The present is not an ordinary case, however, and the appellant is a far from typical offender. The offending in this case might best be described as ‘hopeless’. It was only ever going to hurt the appellant. There was never any prospect that her insurer might pay upon any claim that she might make. As a result of her offending, the appellant, who has led what can only be described as a deprived and sad life, has lost her home. The substantial psychiatric problems from which she suffers made her an entirely inappropriate vehicle for general deterrence.[3]
[3]R v Mooney (1978) 2 Crim LJ 351; Verdins (2007) 16 VR 269, 272–4 [14]–[22].
In our view, no custodial punishment was called for in this case. The proper exercise of the sentencing discretion in this case required the making of a community correction order, with appropriate conditions as to treatment and supervision. Unfortunately, by the time the appellant’s case came to this Court, the appellant had already served in excess of nine months’ imprisonment. Further, an affidavit, sworn by the Assistant Commissioner, Sentence Management Branch, of Corrections Victoria on 10 August 2015, disclosed that the appellant’s time in custody had been significantly harder for her than it would have been for a person of normal mental health — or even for a person with a lesser degree of psychiatric difficulty than the appellant’s.

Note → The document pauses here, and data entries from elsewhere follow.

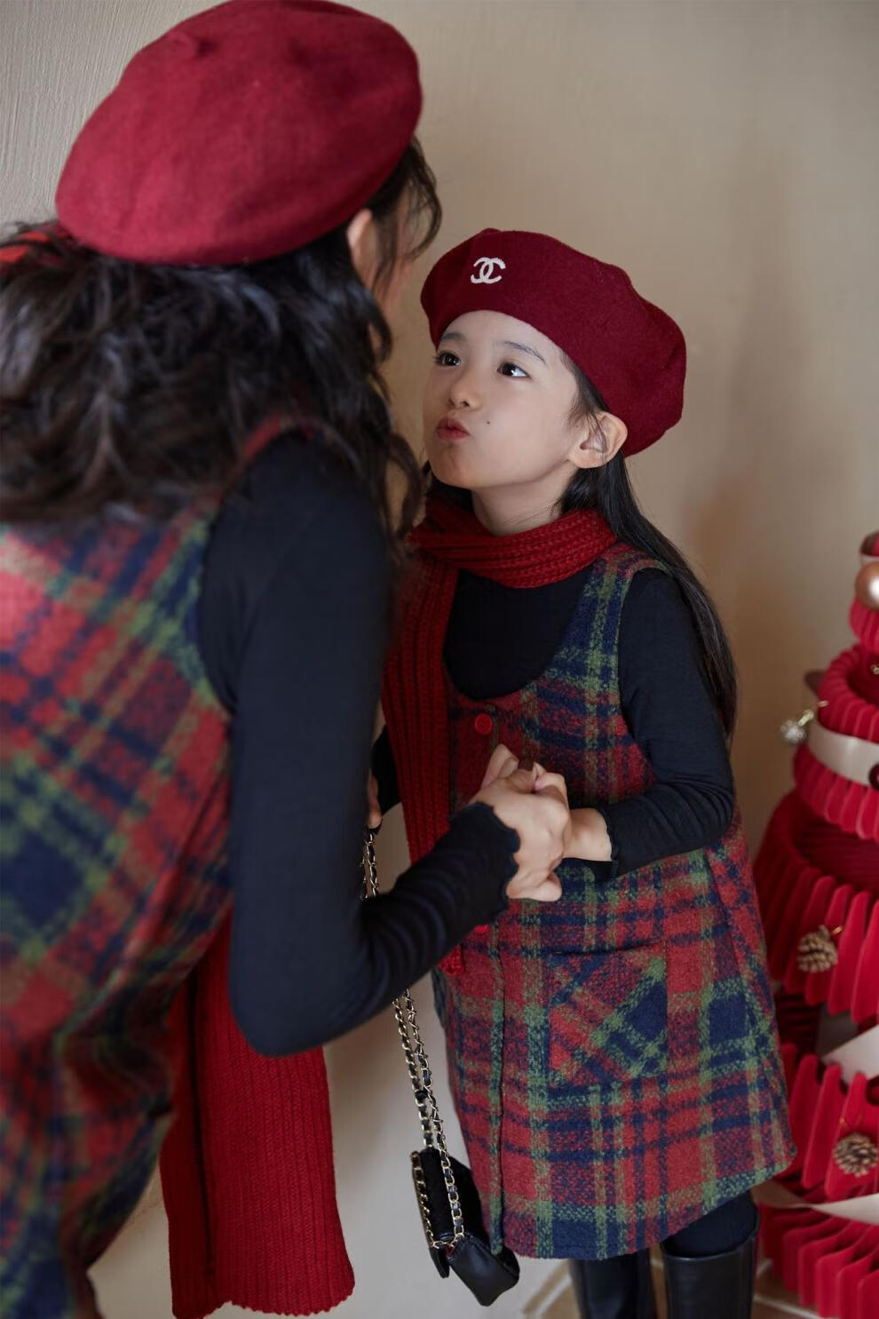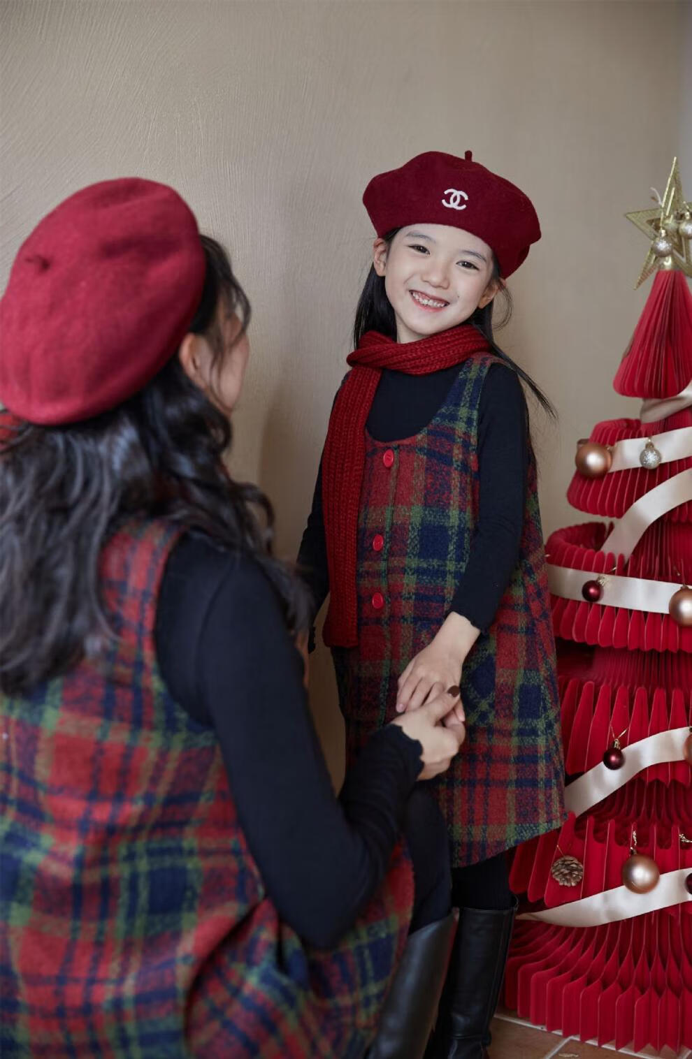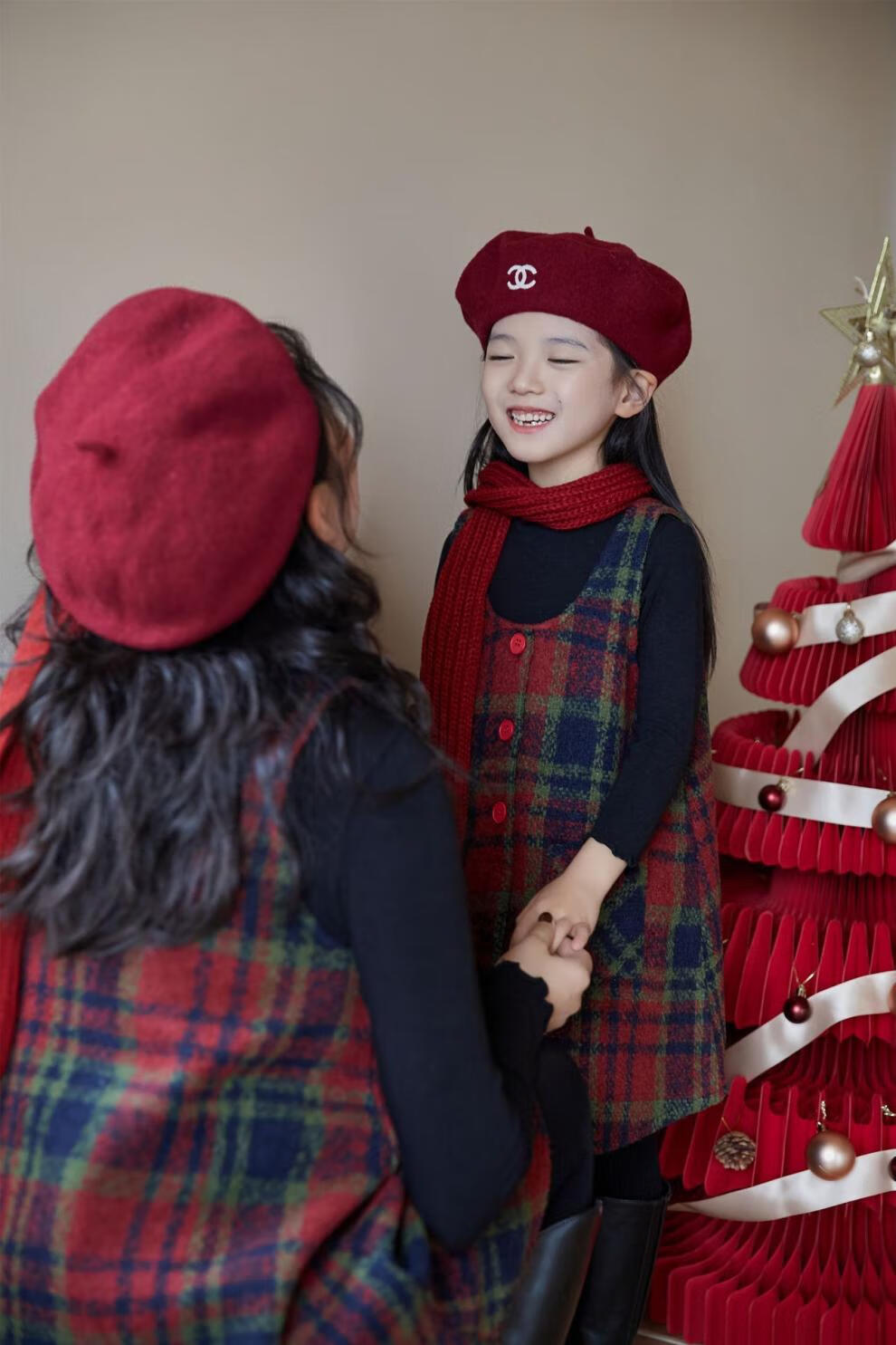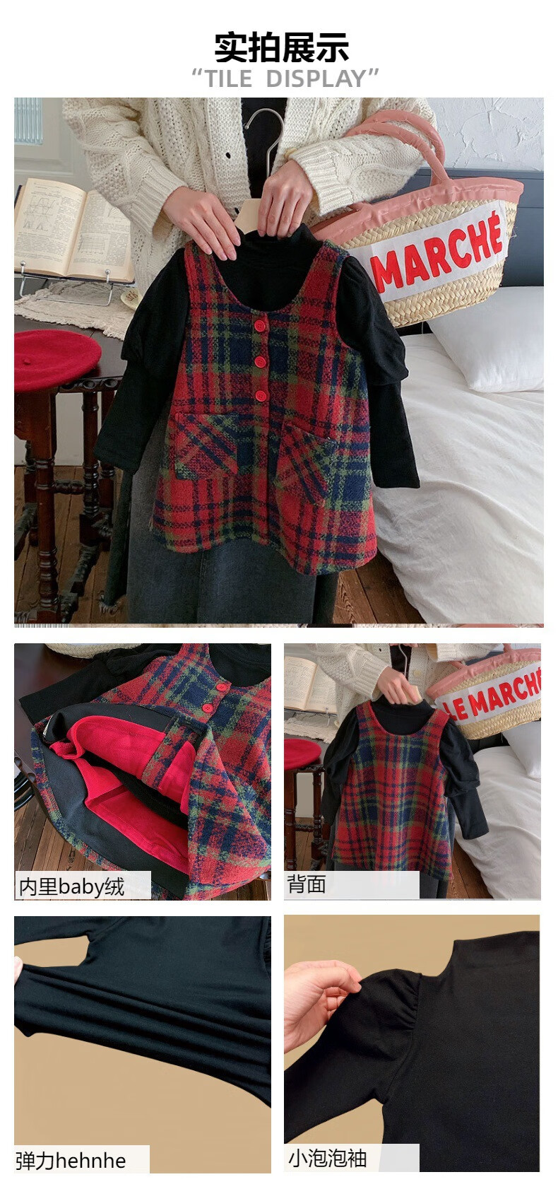 WONST children's retro woolen vest skirt suit 2025 winter girls' Christmas and New Year's Day atmosphere plus velvet plaid vest plaid vest skirt 90 cm
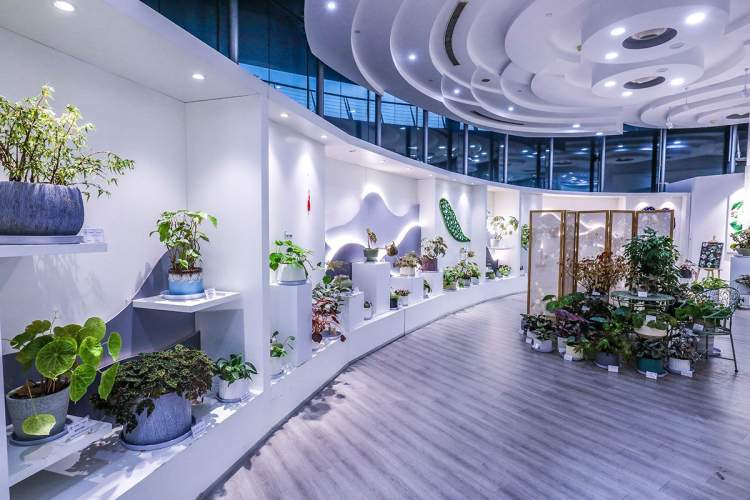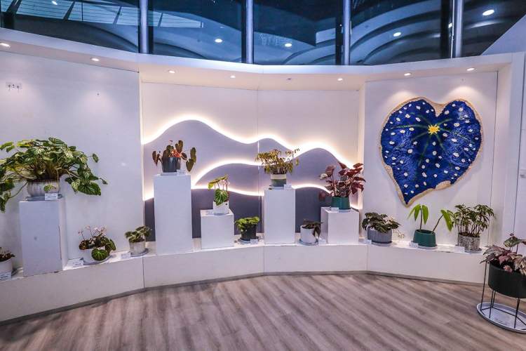 辰山植物园秋海棠展以“绚烂秋叶”为主题,共设置珍奇植物馆和共享展厅两个展区。其中,展览温室珍奇植物馆展示秋海棠的适宜的生存环境和群体之美,共享空间展厅展示精品秋海棠个体,展区将单一的空间打造成富有生气的流动空间,结合个性化的橱窗以及吧台、艺术展示墙等为秋海棠提供了一个灵动的展示空间。
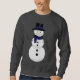 Bring a touch of classic winter charm to your wardrobe with this cheerful snowman sweatshirt. The design features a smiling snowman ina traditional black top hat trimmed with a dark blue sash and matching scarf-simple, timeless, and full of holiday warmth. Printed on a soft, dark grey sweatshirt that's comfortable, warm and perfect for the season. Ideal for festive outings of cozy family moments when paired with the matching womens and family shirts.
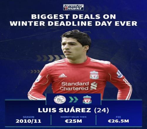 最近德国转会市场盘点了史上冬窗截止日最大交易,苏亚雷斯苏亚雷斯、托雷斯托雷斯、巴洛特利巴洛特利、许尔勒许尔勒、夸德拉多夸德拉多都在这份名单里。几笔交易的数字对比特别直观:有人是“身价更高但成交更便宜”,也有人是“转会费明显压过当时身价”。冬窗截止日出手往往是为了立刻改变局面,钱花得值不值,最后还是要回到转会后的上场时间和产出来看——这5笔里,哪一笔最划算、哪一笔最亏?
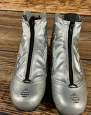 Boots are the most obviously distinctive family of Nordic ski boots. They have a 75mm wide "duck bill" at the front of the boot, with three holes on the bottom of the bill that line up with the pins on their appropriate binding.
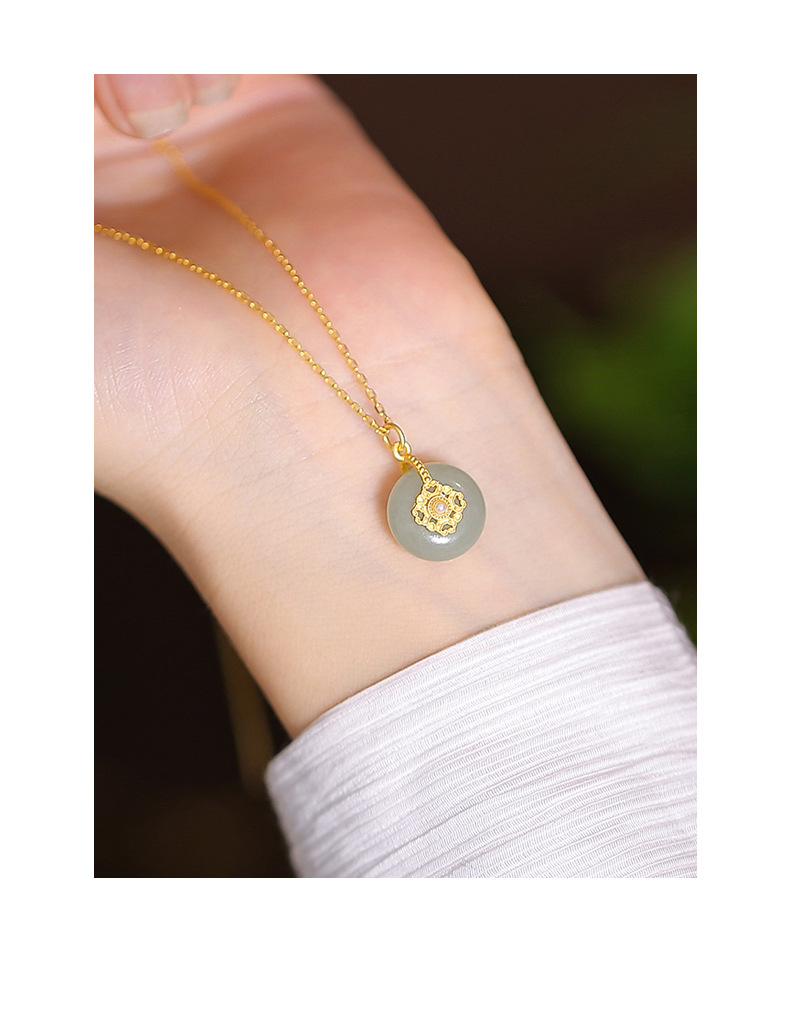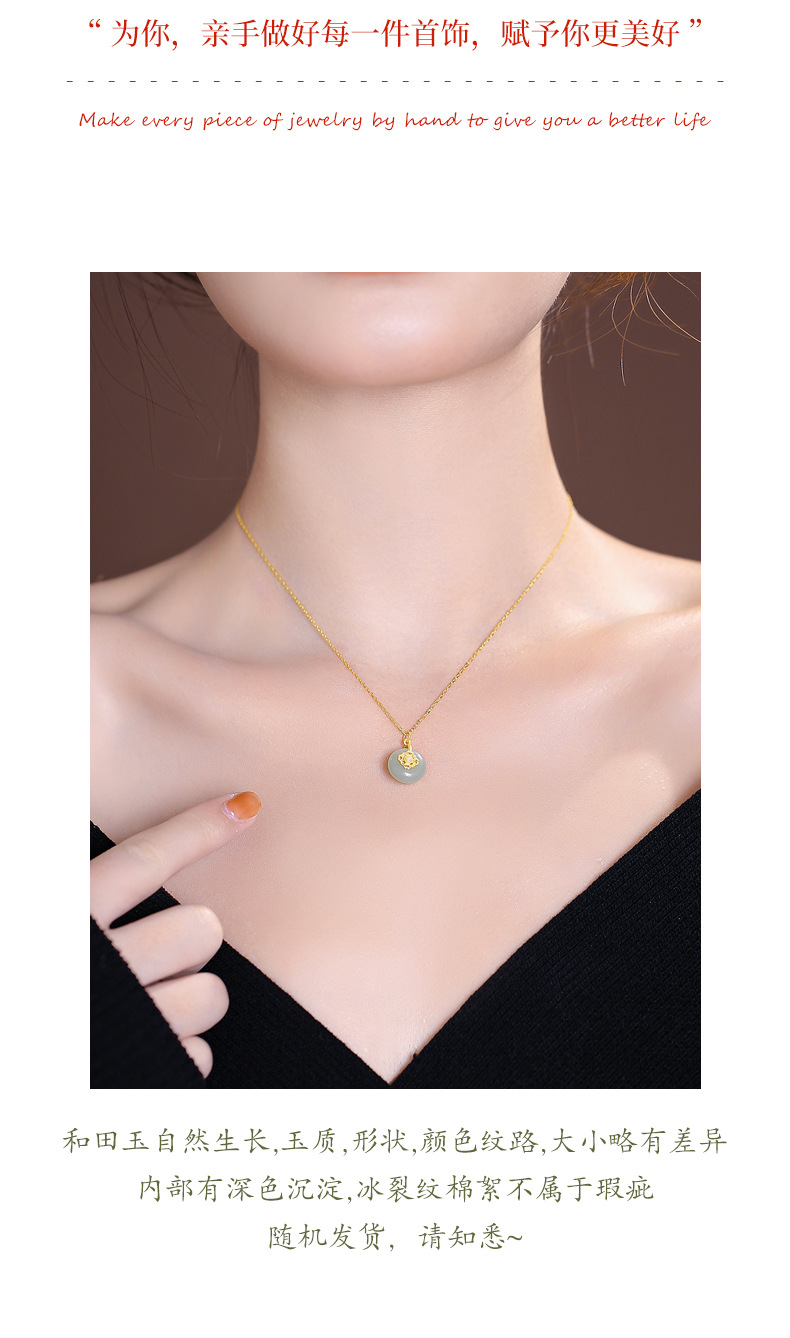 [year old peace] Badu jewelry Hetian jade peace buckle necklace female S925 silver Xiao total high-grade necklace light luxury
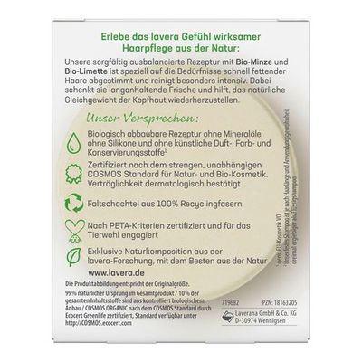 Unsere sorgfältig ausbalancierte Rezeptur mit Bio-Minze und Bio-Limette ist speziell auf die Bedürfnisse schnell fettender Haare abgestimmt und reinigt besonders intensiv. Dabei schenkt sie langanhaltende Frische und hilft, das natürliche Gleichgewicht der Kopfhaut wiederherzustellen. Das feste Shampoo ist je nach Haarlänge und Anwendungsgewohnheit dreimal ergiebiger als Flüssigshampoo.
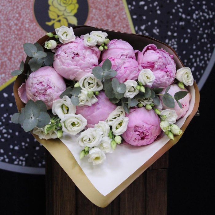 Лента атласная – 2 шт.Пион Сара Бернар – 7 шт.Пленка матовая – 2 шт.эустома белая – 3 шт.Эвкалипт Baby Blue – 3 шт.
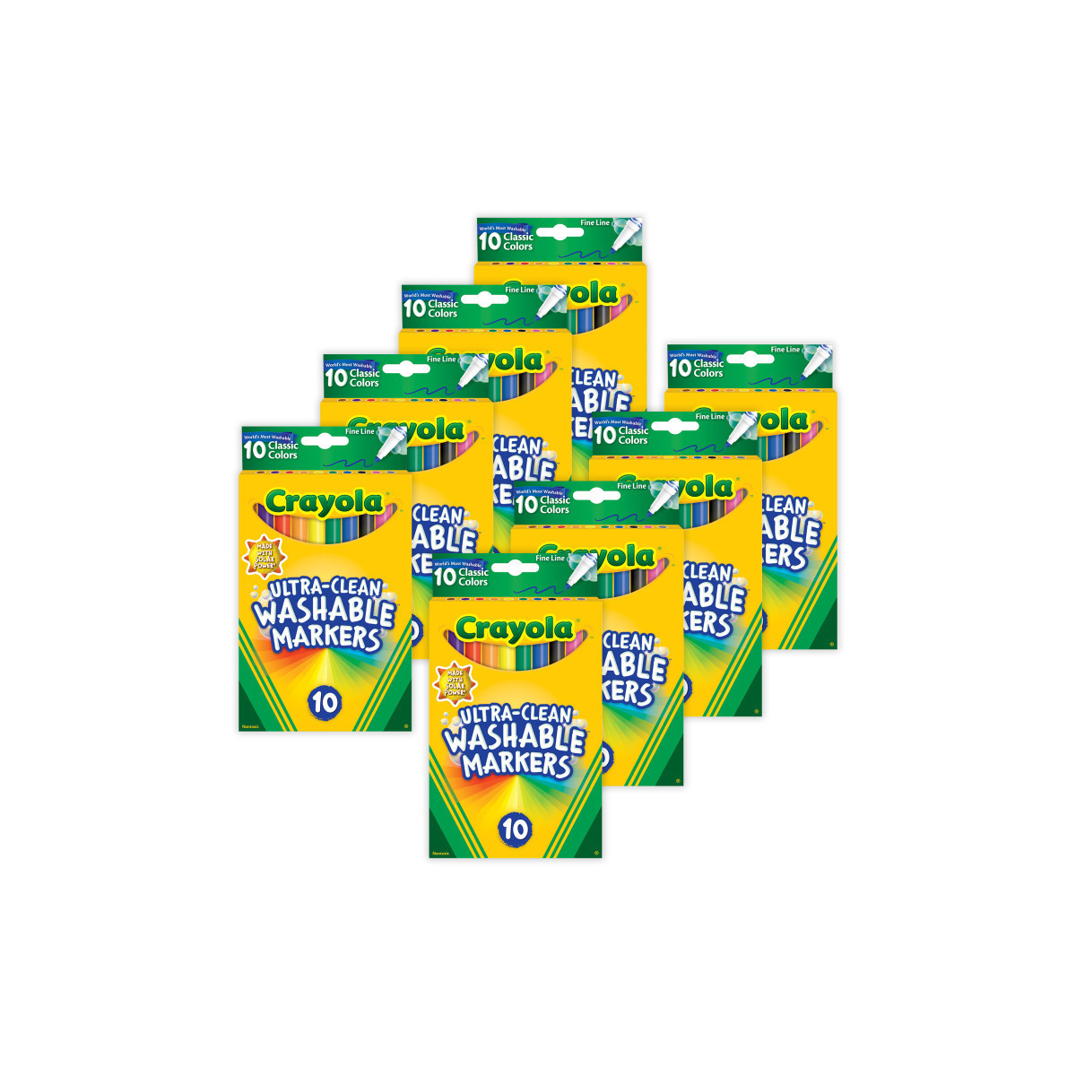 Kids love to get creative with color, but parents want to keep the color where it belongs and easily remove it where it doesn't! Crayola Ultra-Clean Fine Line Bold Markers now have an improved Ultra-Clean washable formula and come with two new bold colors. These durable fine-line markers are ideal for writing, drawing, or coloring in small areas. Fine Line Markers provide artists with 10 classic Crayola colors that feature Color Max – our brightest, truest colors yet. Amp up school projects and artistic endeavors with high-quality ink that is true to color. The variety of bright, classic colors in this pack invites imaginative expression. With its slender tip, the Fine Line Marker is a precise drawing tool. Perfect for coloring in small areas, these markers are also great for writing or drawing thin lines or dots. These markers lay down plenty of vibrant color and won't smudge or bleed through paper. The world's most washable non-toxic markers now come in an improved Ultra-Clean formula that washes easily from skin, clothing, and common household surfaces—even painted walls. Each pack includes 10 markers. Sold as 8 packs for a total of 80 markers.

While a community correction order is likely to have been of some benefit in the rehabilitation of the appellant it would also have operated punitively. Given the amount of time the appellant had already spent in custody, we concluded that no further punishment was warranted. Accordingly, there was no basis for the imposition of a CCO, even though the treatment conditions would undoubtedly have benefited the appellant and the community. As this Court made clear in Boulton v The Queen,[4] the principle of proportionality precludes the imposition of a sentence merely for the purpose of protecting the community.
[4][2014] VSCA 342, [67].
For those reasons, we allowed the appeal, quashed the sentence below and resentenced the appellant to time served.
Orders
The structure of the sentence is as follows. We sentence the appellant to 290 days’ imprisonment on each charge. On charge 2, she falls to be sentenced as a serious arson offender.[5] For the purposes of s 6E, we direct that there be no cumulation. We declare that the appellant had already served 290 days in custody under the sentence. But for her plea of guilty, we would have sentenced her to a term of imprisonment of 12 months, coupled with a 2 year community correction order with conditions as to treatment and supervision.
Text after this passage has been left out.